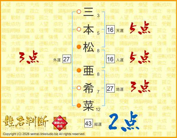 三(3画)本(5画)松(8画) 亜(8画)希(7画)菜(12画)
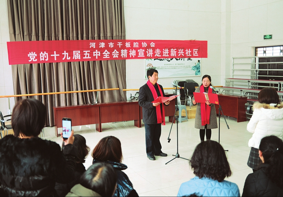 “十四五,新規劃,遠景目標更宏大。要到2035年,經濟騰飛成倍翻。國家強,人民富,各行各業邁大步!”12月1日,天氣雖然有些寒冷,但河津市新興社區里一場宣講黨的十九屆五中全會精神的干板腔演出卻異常火爆。
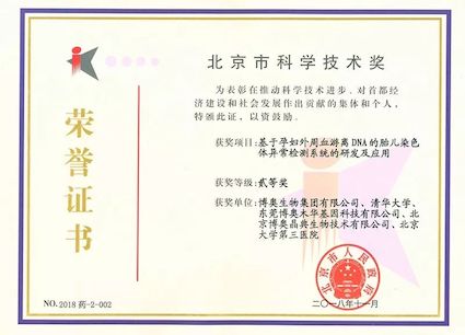 另外,與本產(chǎn)品相關的“基于孕婦外周血游離DNA的胎兒染色體異常檢測系統(tǒng)的研發(fā)及應用”榮獲2018年度北京市科學技術獎二等獎。
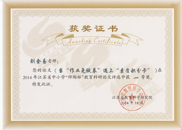 一等奖 刘金易《当“作业免做券”遇上“素质积分卡”》 二等奖 周怀凤《对陶行知“六大解放”教育主张的思考和探索》 周小兵《回归教育的原点— 生命关怀》 三等奖 吴 燕《高中数学教学中学生参与意识的培养与实践》 吴钰华《突破,从穿越时空开始——浅谈高中历史的课本剧教学设计》 |
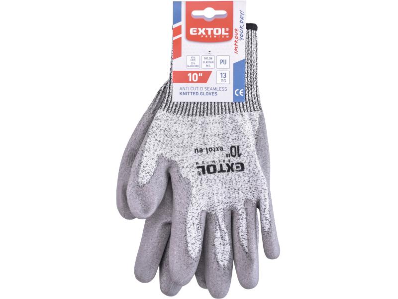 vágásbiztos kötött kesztyű, méret 10", poliuretánba mártott tenyér és újhegy, gumírozott mandzsetta
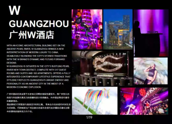 广州W酒店坐落在华南地标珠江之畔,以生机勃勃的城市元素为经纬线,汇聚一系列现代建筑、历史遗迹、豪华购物中心和娱乐场所,向中国诠释现代奢华的最新理念。酒店地处广州市中心,步行可达多处历史景点以及地铁和广州东站。酒店内设多家餐厅,供应地道的中餐、日料和国际风味人气美食,让广大美食爱好者一饱口福。酒店的两大充满动感能量的WOOBAR酒吧和妃吧,更为广州这座城市打造全新时尚生活地标。
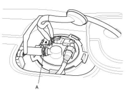 (2) Disconnect the fuel pump connector (A).

----

#### Problem
Your answer must be only the lines from the one that holds "燕《高中数学教学中学生参与意识的培养与实践》 吴钰华《突破,从穿越时空开始——浅谈高中历史的课本剧教学设计》 |" to the end of the listing, each restated word for word, with both ends kept and pictures left out.

#### Response area
 一等奖 刘金易《当“作业免做券”遇上“素质积分卡”》 二等奖 周怀凤《对陶行知“六大解放”教育主张的思考和探索》 周小兵《回归教育的原点— 生命关怀》 三等奖 吴 燕《高中数学教学中学生参与意识的培养与实践》 吴钰华《突破,从穿越时空开始——浅谈高中历史的课本剧教学设计》 |
 vágásbiztos kötött kesztyű, méret 10", poliuretánba mártott tenyér és újhegy, gumírozott mandzsetta
 广州W酒店坐落在华南地标珠江之畔,以生机勃勃的城市元素为经纬线,汇聚一系列现代建筑、历史遗迹、豪华购物中心和娱乐场所,向中国诠释现代奢华的最新理念。酒店地处广州市中心,步行可达多处历史景点以及地铁和广州东站。酒店内设多家餐厅,供应地道的中餐、日料和国际风味人气美食,让广大美食爱好者一饱口福。酒店的两大充满动感能量的WOOBAR酒吧和妃吧,更为广州这座城市打造全新时尚生活地标。
 (2) Disconnect the fuel pump connector (A).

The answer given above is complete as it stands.